Als leistungsstarke Heizung für kalten Winter bestimmt gut.


----------



## Gast1111 (17. August 2011)

*AW: Intel Sandy Bridge E nun doch mit Boxed Kühler*

Abgesehen von Eiern auf dem Kühler mal bitte BTT


----------



## DUNnet (17. August 2011)

*AW: Intel Sandy Bridge E nun doch mit Boxed Kühler*

130W TDP bei 180W Leistungsaufnahme? Will mir doch keiner verklickern dass ein CPU 1/3 Effizienz bietet und schon 50W in reine Leistung umsetzt - nie und nimmer!

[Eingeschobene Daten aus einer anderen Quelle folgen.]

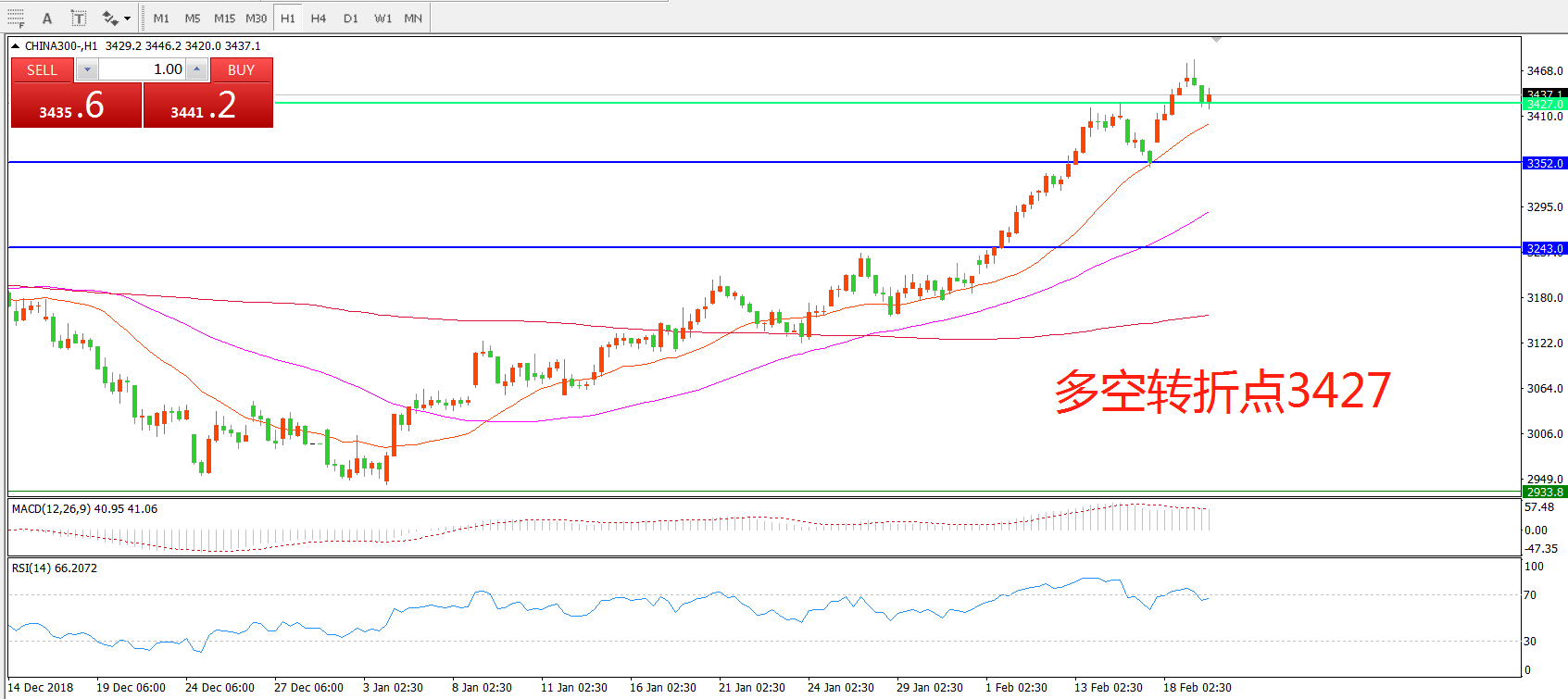 小时图看,CHINA300中华指数冲高后小幅回落。但整体依然位于支撑之上。均线系统呈多头排列, MACD红柱走平,整体维持偏多思路。

Trotzdem ist die potentielle maximal Leistung doch erschreckend, hoffen wir das mittelklasse Modelle unter 100W TDP liegen und Gaming Modelle bei standard Werten (130W) bzw. leicht drüber!
Auch das ist eigentlich noch zu hoch, aber lang dauerts nicht mehr da zieht der CPU mehr als die GPU (siehe Kepler und Maxwell bei nVidia )!

Ou man...


----------



## streetjumper16 (17. August 2011)

*AW: Intel Sandy Bridge E nun doch mit Boxed Kühler*

Können die sich jetzt mal entscheiden 
Erst heißt es es gibt ne Wakü, dann keinen Kühler und jetzt wieder einen Kühler -.-


----------



## Floletni (17. August 2011)

*AW: Intel Sandy Bridge E nun doch mit Boxed Kühler*



>ExX< schrieb:


> Ganz neu ist dieses Gerücht nicht, allerdings kam vor kurzem das Gerücht auf dass vermutlich gar kein Boxed Kühler mitgeliefert werden sollte, da die CPU´s bis zu 180W "verbrauchen" könnten.


 
Die 180 W an abwärme werden nur im Burst Turbo Modus erreicht. Also wenn die CPU für extrem übertaktet werden solange es die Temperaturen zulassen.  Sieht man auf etlichen Folien zu Turbo 2.0.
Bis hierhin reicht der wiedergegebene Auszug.